Code Optimisation as a Trade Off

programming
Published

May 25, 2021

I’ve been writing some ARM Assembly as part of a Raspberry Pi Operating System Tutorial, and writing in Assembly really forces me to think about performance in terms of registers and instructions. When I’m writing Python trying to write concise code leads to breaking a problem into small functions or methods (and using idioms like list comprehensions). The same drive for concise code in Assembly leads me to reduce the number of instructions used and the number of registers, but even though it feels like its making things more efficient it may have negligible actual impact. However these micro-optimisations often lead to real engineering trade-offs with concepts like safety, modularity or modifiability.

In writing character bitmaps to a framebuffer we need to scan through each row and column of the bitmap. In the tutorial Alex Chadwick suggests instead of keeping track of the row, by aligning the font bitmaps appropriately, we can just track the last bits of the address. This works well and removed a variable and we can use one less register. However if we want to use a bitmap with more rows we may need to change not only the code but also the font alignment; it’s been made more difficult to maintain.

The optimisations for writing character bitmaps look like they create more efficient code, but I haven’t profiled them. What I do see is they end up calling the subroutine DrawPixel once for each bit with value 1, and so the efficiency really depends on this routine. And looking into it we can see that at each step it does a bunch of loading data from memory and comparisons that are the same each time it’s invoked. These could potentially be much more impactful on performance than the register we saved above.

Unfortunately there are tradeoffs trying to reduce the amount of work DrawPixel does. One task it has is to check whether the coordinates of the pixel lie in the width and height of the framebuffer. We could remove these to save time in an UnsafeDrawPixel, and move the range checking logic into DrawCharacter where it could be done once. But having two implementations, DrawPixel and UnsafeDrawPixel, duplicates the logic making it harder to change. We could combine the implementations by separating out the checking logic into a subroutine, but it leaves us with more risk of writing outside the framebuffer.
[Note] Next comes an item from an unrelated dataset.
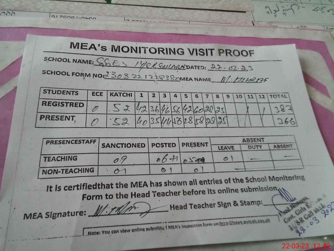 | Attendance Register | Head Teacher | MEA with School | Visit Proof |
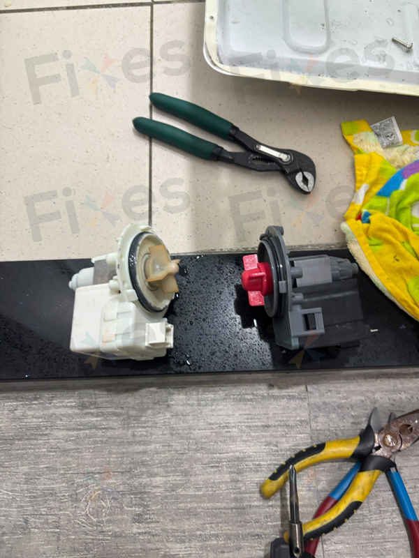 這種情形下,單靠外部檢查根本看不出來,還得細心拆洗。師傅逐一將所有喉管,包括缸底喉、氣喉、排水喉徹底清理,確保沒有殘留物阻塞。又檢查到排水泵已經有明顯老化跡象,於是建議客人一併更換新的排水泵。這樣,排水才可以回復暢順,不再讓衣服泡在水裡半天。

Another opportunity would be to completely inline DrawPixel so we can keep the FrameBuffer pointer in a register rather than reloading it at each pixel. But this trades off modularity for speed; we have to duplicate the pixel drawing logic which increases the code complexity and gives more places to get things wrong. There are potential other opportunities for optimisation, but they require breaking other things such as the ABI making it harder to inter-operate with other code.

Ultimately there are often engineering tradeoffs for optimisation; we give up other desirable properties of code like generalisability, modularity or safety. And almost always we want to focus on those - writing a safe and easy to maintain system is hard enough in the good cases. However where we really need speed, in the slowest part of the program (which can only be reliably identified with profiling) it can be really worth investing in optimisation, even if it means giving up on some of these other things.

As Knuth said in Structured Programming with Goto Statements:

Programmers waste enormous amounts of time thinking about, or worrying about, the speed of noncritical parts of their programs, and these attempts at efficiency actually have a strong negative impact when debugging and maintenance are considered. We should forget about small efficiencies, say about 97% of the time: premature optimization is the root of all evil. Yet we should not ot pass up our opportunities in that critical 3%.